Questo evidenzia come il trattamento del dolore in questa patologia sia una questione complessa, che richiede approcci mirati e personalizzati. A questo riguardo sono state proposte anche strategie utili a modulare il sistema endocannabinoide che risente, oltre che dell’attività fisica ed alimentazione equilibrata, anche dell’assunzione di integratori specifici, terapie come l’agopuntura, osteopatia, meditazione e gestione dello stress. Attraverso tecniche di rilassamento, mindfulness, terapia cognitivo-comportamentale o attività ricreative è possibile ridurre infiammazione e reazioni emotive negative ottenendo importanti risultati.

Oggi esistono integratori in commercio dedicati al trattamento delle neuropatie, tra essi la Palmitoil-Etanol-Amide (PEA) analogo dell’anandamide (endocannabinoide naturale) che mostra diverse funzioni: inibisce la degranulazione dei mastociti e l’attivazione della microglia modulando sia la neuroinfiammazione che il dolore nocicettivo.

La Transpolidatina, precursore del resveratrolo ha forte azione anti-angiogenica e anti-infiammatoria.

La chirurgia rappresenta un’importante opzione terapeutica ma non è priva di limiti e svantaggi. Nonostante possa essere risolutiva in alcuni casi, comporta un alto rischio di recidiva (40-50% entro cinque anni), e l’asportazione delle lesioni ovariche può ridurre la riserva follicolare, influenzando negativamente la fertilità.

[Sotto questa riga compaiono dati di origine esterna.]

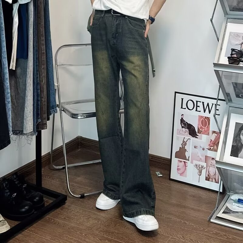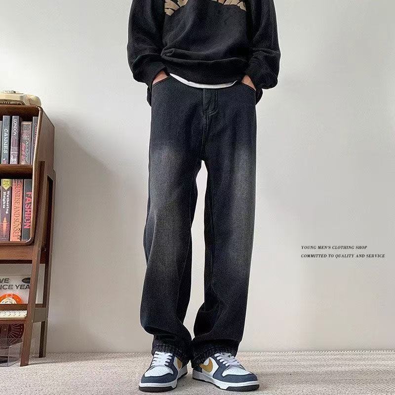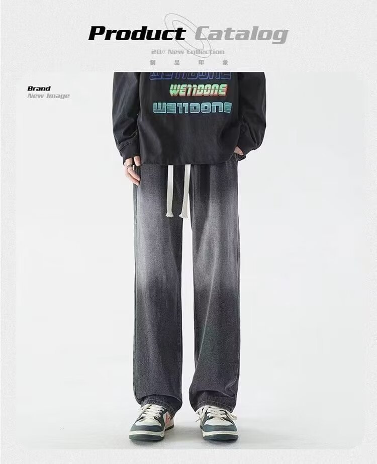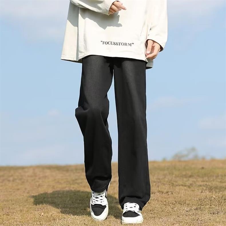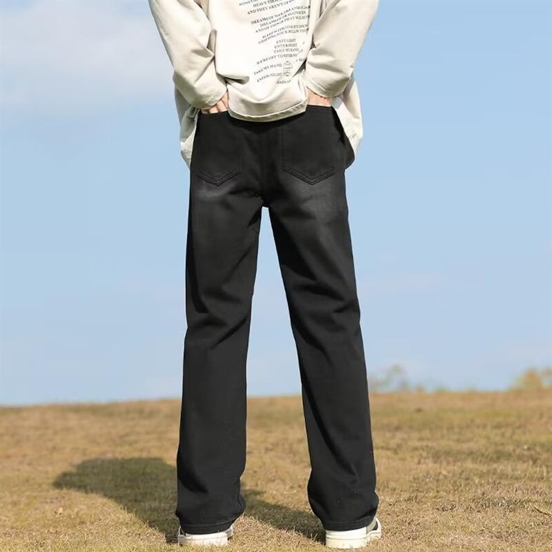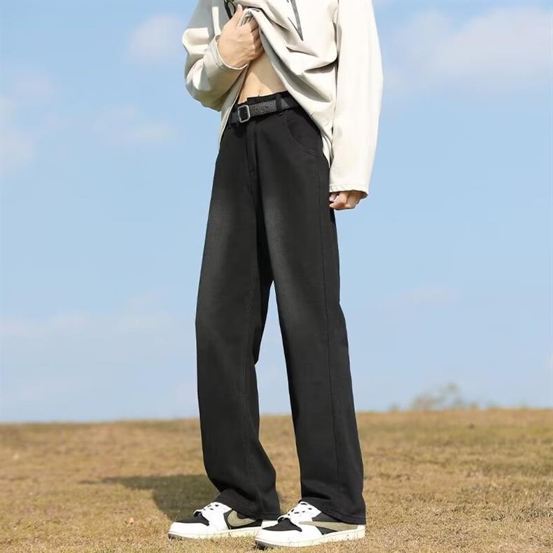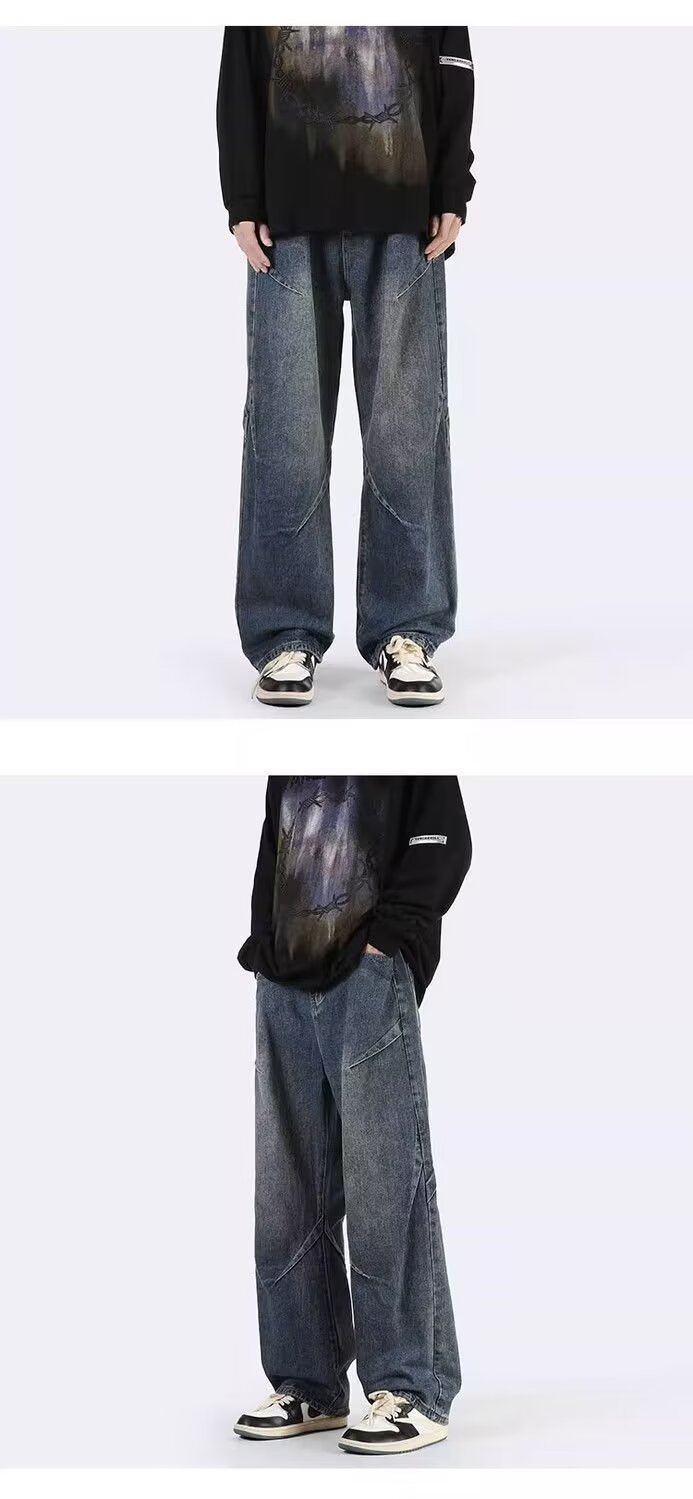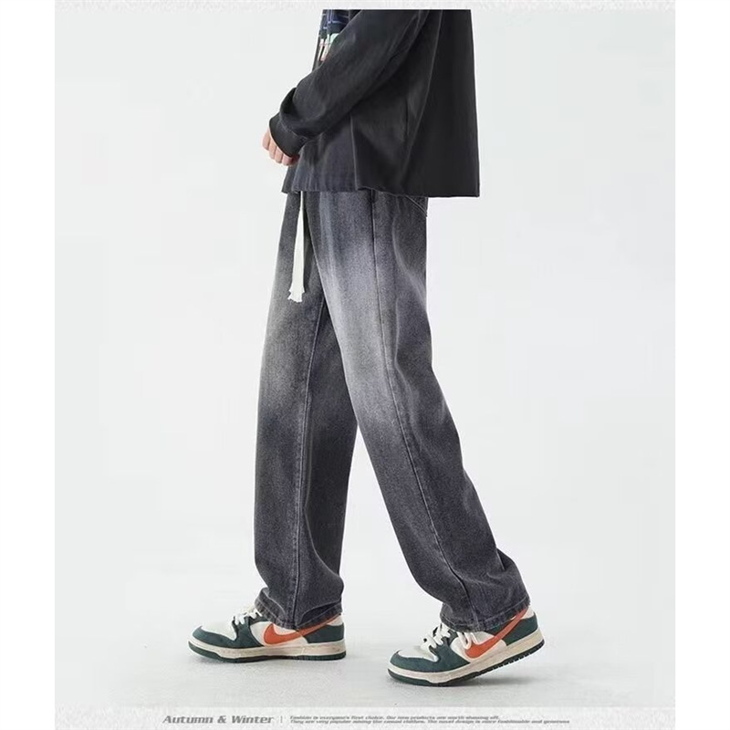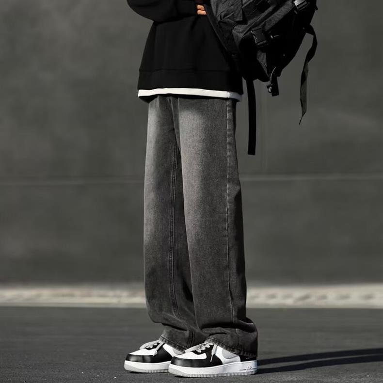 새로운 완벽한 하이 스트리트 세탁 청바지 남성 아메리칸 스타일 레트로 트렌디 브랜드 스트레이트 여름 캐주얼 느슨한 긴 바지스토어 가기

Queste osservazioni sottolineano che la gestione dell’endometriosi è ancora in fase di ricerca, e che le terapie disponibili sono più orientate al controllo dei sintomi piuttosto che alla cura definitiva della malattia. Allargare il nostro intervento modificando lo stile di vita, riducendo l’infiammazione, modulando il microbiota sono strategie oggi necessarie per dare un supporto e una qualità di vita migliore alle donne che presentano questa patologia.